2. An antenna device comprising the following structures (a)-(e):
(a) a dielectric tube having an inner surface and an outer surface,
(b) a conductor provided on said inner surface of said dielectric tube and having at least two slots provided therein,
(c) at least two strip conductors provided on said outer surface of said dielectric tube and crossing said slots,
(d) a phase difference distributing circuit adapted to give a 180° phase difference between electromagnetic waves propagated through said strip conductors, and
(e) at least two helical antenna radiation elements which are provided on symmetrical portions of a column inserted in an inner space of said dielectric tube at positions opposite to said slots, said radiation elements being adapted to be driven at a 180° phase difference by said strip conductors through said slots.
3. An antenna device according to claim 2, wherein said phase difference distributing circuit is a 180° hybrid.
4. An antenna device comprising the following structures (a)-(e):
(a) a dielectric tube having an inner surface and an outer surface,
(b) a conductor provided on said inner surface of said dielectric tube and having at least four slots provided therein,
(c) at least four strip conductors provided on said outer surface of said dielectric tube and crossing said slots,
(d) a phase difference distributing circuit adapted to give a 90° phase difference between adjacent strip conductors, and
(e) at least four helical antenna radiation elements which are provided on symmetrical portions of a column inserted in an inner space of said dielectric tube at positions opposite to said slots, said radiation elements being adapted to be driven with a 90° phase difference between adjacent elements by said strip conductors through said slots.
5. An antenna device according to claim 4, wherein said phase difference distributing circuit is formed of one 180° hybrid and two 90° hybrids.
6. An antenna device comprising the following structures (a)-(f):
(a) a dielectric tube having an inner surface and an outer surface,
(b) a conductor provided on said inner surface of said dielectric tube and having at least four slots provided therein,
(c) first and second strip conductors provided on said outer surface of said dielectric tube and crossing said slots in a first direction,
(d) third and fourth strip conductors provided on said outer surface of said dielectric tube and crossing said slots in a direction opposite to the first direction,
(e) a phase difference distributing circuit adapted to give a 90° phase difference between said first and second strip conductors and between said third and fourth strip conductors; and
(f) a plurality of helical antenna radiation elements inserted in an inner space of said dielectric tube at positions opposite to said slots, said radiation elements being adapted to be driven by said strip conductors through said slots.
7. An antenna device according to claim 6, wherein said phase difference distributing circuit is a 90° hybrid.
8. An antenna device according to claim 6, wherein said phase difference distributing circuit is a transmission line of 90° in electric length.
9. An antenna device comprising the following structures (a)-(d):
(a) a dielectric tube having an inner surface and an outer surface,
(b) a conductor provided on said inner surface of said dielectric tube and having a plurality of slots provided therein,
(c) strip conductors provided on said outer surface of said dielectric tube and crossing said slots, and
(d) a plurality of helical antenna radiation elements inserted in an inner space of said dielectric tube at positions opposite to said slots, said radiation elements being adapted to be driven by said strip conductors through said slots.
10. An antenna device according to claim 9, wherein said slots are formed in the shape of the letter “U”.
11. An antenna device according to claim 9, wherein said strip conductors are provided with matching circuits.
12. An antenna device according to claim 11, wherein said matching circuits are capacitors.
Description
BACKGROUND OF THE INVENTION

1. Field of the Invention

This invention relates to a means for supplying an electric current to a helical antenna in a non-contacting manner, and more particularly to a two-wire or four-wire wound helical antenna.

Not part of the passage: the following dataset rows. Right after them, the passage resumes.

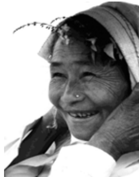
View of Kangchenjunga from Goechala/Darjeeling "tea" town/ Tea lady

Day 3 Tsomgo Lake Excursion (4-5 hrs drive) :After breakfast, drive to Tsomgo Lake, also means as The Source of the Lake (3,780m). Warm clothes needed for this place. The lake derives its water from melting snows off the surrounding mountains, which is one of the famous sacred lakes in Sikkim, situated near the borders of Tibet. On arrival Tsomgo lake start our short trek for 3 Hrs to Tsamgo range which is 4230 Mtrs Back to Tsamgo lake heaving lunch after lunch drive back to Gangtok visit Sikkim Flower Exhibition Centre where a wide range of rare species of orchids display (Seasonal). Evening walk around the local market, 2nd night Gangtok.
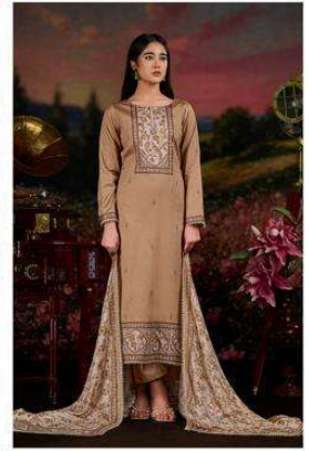
NE-C 2165 F
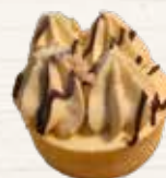
Salted Caramel Cheesecake
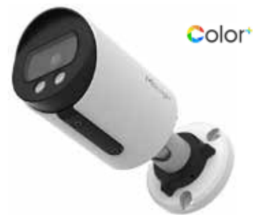
Milesight 5MP AI Color+ Bullet Camera MSC5364UPD
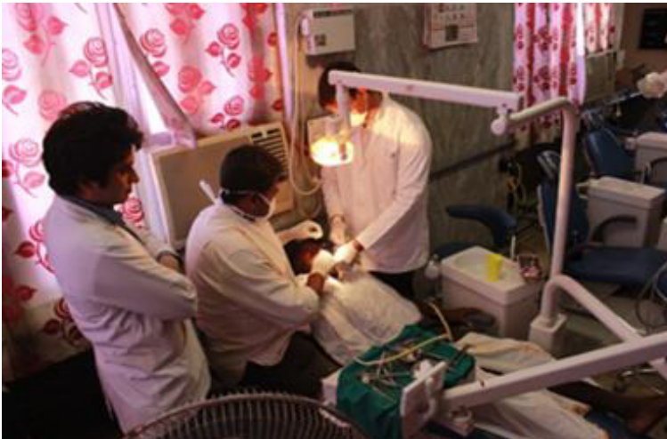
Minor Operation Theatre
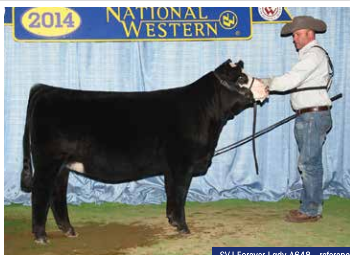
SVJ Forever Lady A648 - reference
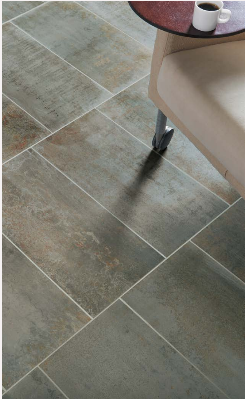
AV342 ▶ Steel Gaze 12 x 24
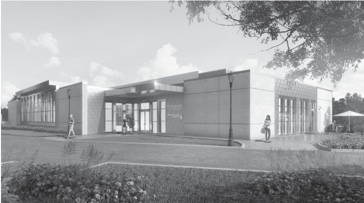
Rendering of the Emory-Georgia Tech Library Service Center.

The majority of collections currently in the Georgia Tech Library will move to the
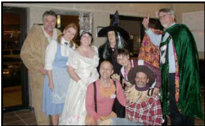
Above: The crew from New London
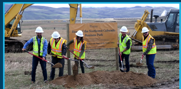
Routt County, Colorado
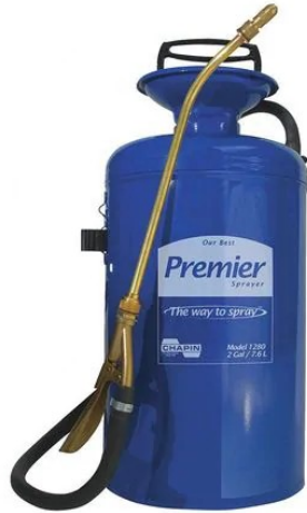
#1280 Adjustable Cone Pattern
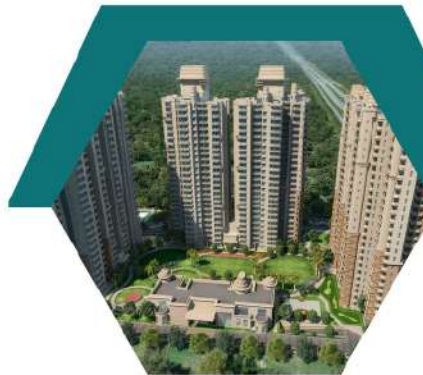
APEX GOLF AVENUE SEC 1 GR NOIDA(W)
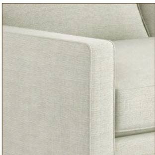
TF5 | 5" TRACK ARM WITH SEAT CUSHION TO FRONT* 5"OW
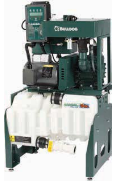
Bulldog stacked on 15 gallon Otter Tank
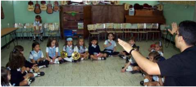
Cristo Rey de Altamira school, 2003
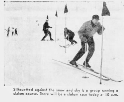
Silhouetted against the snow and sky is a group running a slalom course. There will be a slalom race today at 10 a.m.
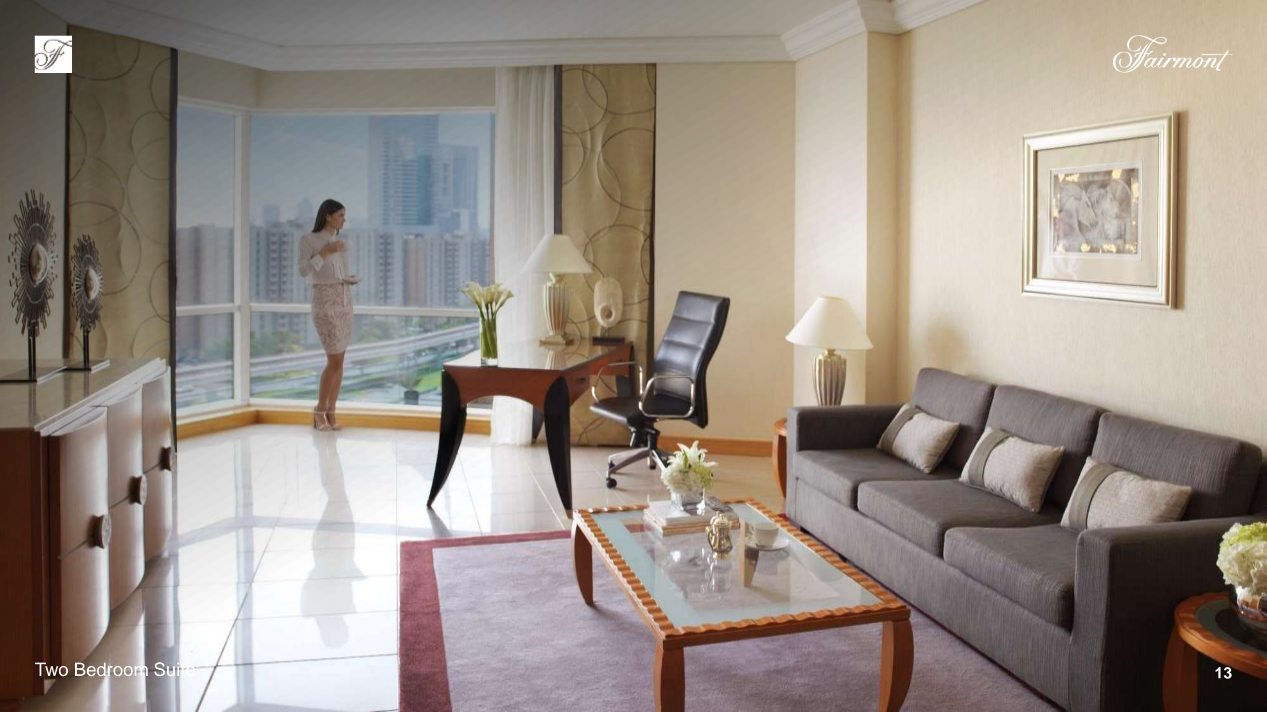
Two Bedroom Suite
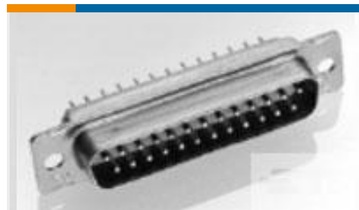
TE Part #206066-2 PLUG ASSY,104 POSN, AMPLIMITE
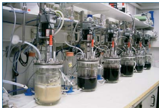
One of the two jar fermentor laboratories, each with 16x3 liter-fermentors.

The aim is to isolate microorganisms from marine environment that produce valuable products with an industrial potential. Our current focus is on isolation and characterization of microorganisms that produce antibacterial and anticancer compounds. Several novel compounds with interesting bioactivities have been identified and are currently evaluated for future therapeutic use. This work is carried out as a collaboration between SINTEF, NTNU and the University of Bergen.
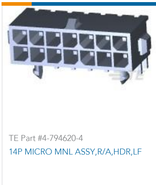
TE Part #4-794620-4 14P MICRO MNL ASSY, R/A, HDR, LF
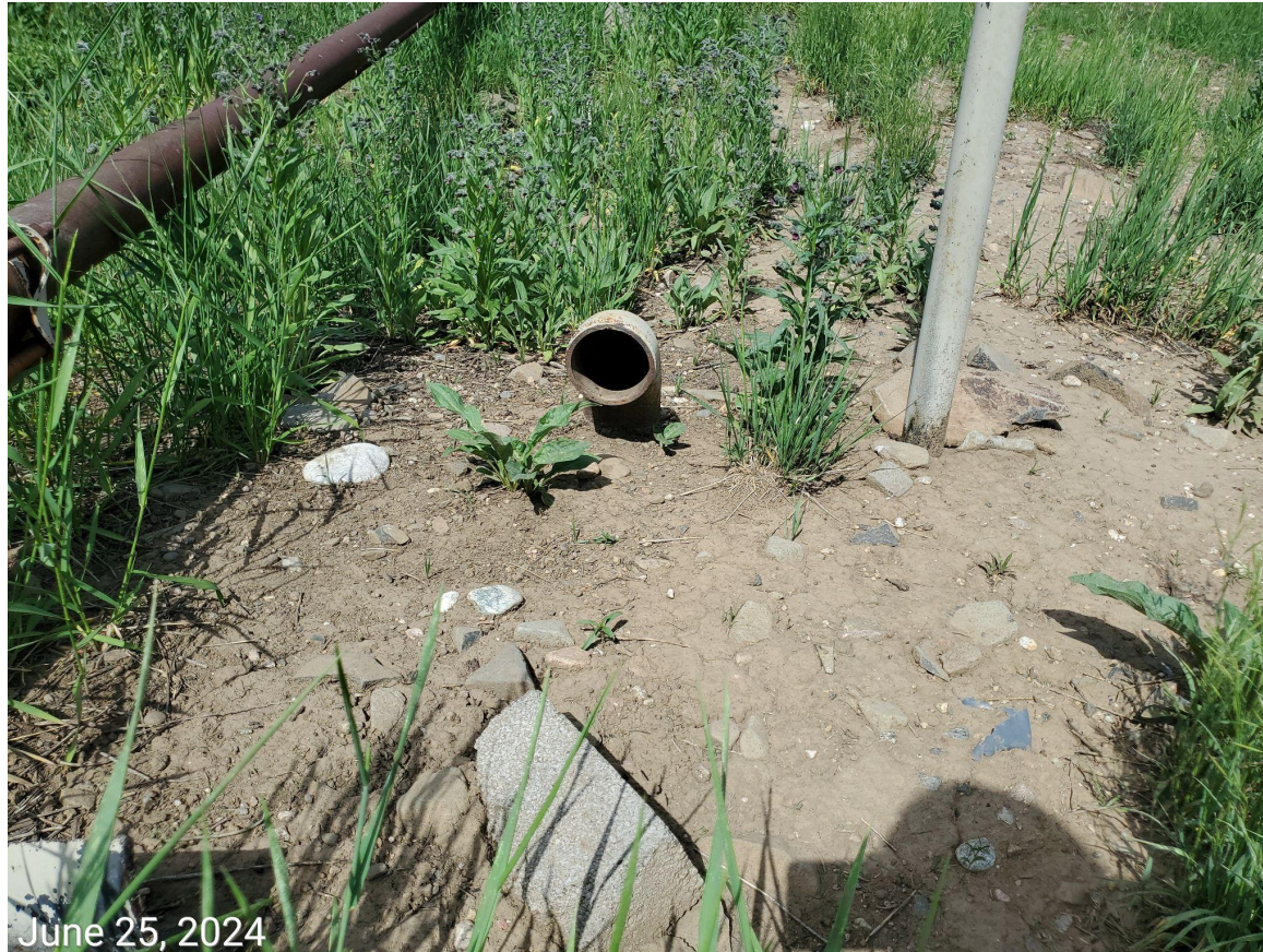
Photo 23: Photos taken from the north and of the Location, east of the battery. Photo shows open pipe. BMPs to prevent wildlife access missing.
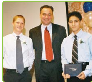
Former Governor Tim Kaine congratulates a C4K graduate and his mentor in 2003

Have you been looking for a way to get more involved in the local community? Do you or someone you know enjoy working with adolescents and computers? C4K is seeking volunteer mentors. Requirements include the desire to be a positive role model and basic knowledge of PCs or Macs and the Internet. Time commitment is only one hour per week over nine months. Volunteer trainings are held monthly. Visit www.computers4kids.net to fill out an application today!
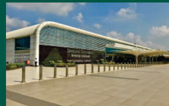
Gannavaram Airport - 20 mins
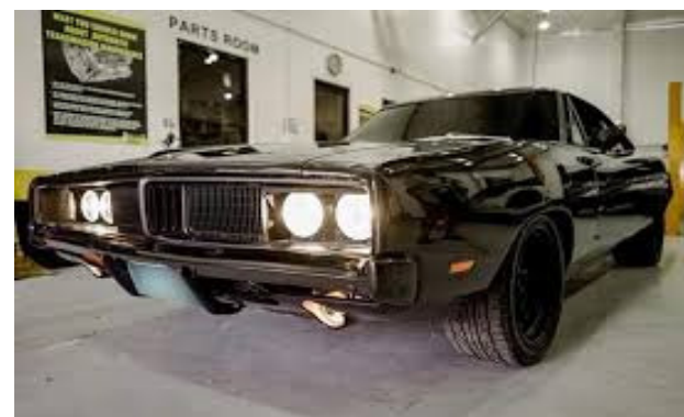
Mayor Angelo Aguinaldo's vintage 1969 Dodge Charger R/T is up for auction to raise funds for the town's COVID-19 response and to help Kawiteños particularly the senior citizens.

This is part of National Government programs now that we are under Enhanced Community Quarantine caused by COVID-19.
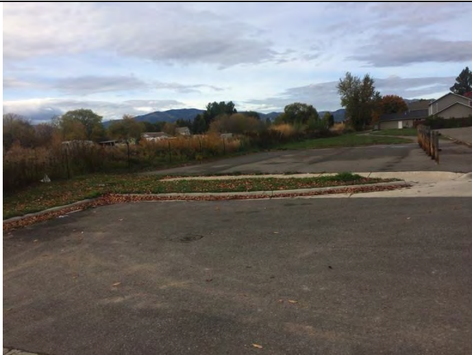
Public area adjoining Lafray Park

2. Description of the Related Art

The conventional antenna devices of this kind include, for example, the ¼ turn volute with split sheath balun of FIG. 6 for a “Resonant Quadrifilar Helix Antenna” reported on the Microwave Journal, December, 1970, p49-53, and the antenna device disclosed in Japanese Patent Laid-Open No. 30006/1988. FIG. 13 is a sketch drawing of the ¼ turn volute with split sheath balun reported on the Microwave Journal. 101 denotes a first helical antenna radiation element pair, 102 a second helical antenna radiation element pair, 103 a coaxial feeder cable, 104 a ¼ wavelength slit cut in an outer conductor of the coaxial cable 29, 105 an impedance conversion member provided on an inner conductor of the coaxial cable 103, and 106 a feeding point of the first and second helical antenna radiation element pairs 101, 102.

Both of the first and second helical antenna radiation element pairs 101, 102 can be regarded as balanced lines just as parallel two-wire lines in view of the operating condition thereof. Therefore, when an electric current is supplied to the antenna by connecting an unbalanced line, such as the coaxial cable 103 thereto, it is necessary to provide a balance-unbalance converter between the helical antenna radiation element pairs and coaxial cable. To meet this requirement, a balun comprising the coaxial cable 103, ¼ wavelength slit 104 and impedance conversion member 105 is provided.

The conventional antenna device shown in FIG. 13 is formed as described above, in which the first and second helical antenna radiation element pairs 101, 102 are connected directly to the inner conductor of the coaxial feeder cable 103. Therefore, in order to move the helical antenna radiation element pairs 101, 102 as movable parts, the coaxial cable has to be moved simultaneously. This makes it difficult to move the helical antenna radiation element pairs, and, when the radiation element pairs are moved repeatedly, they are broken easily.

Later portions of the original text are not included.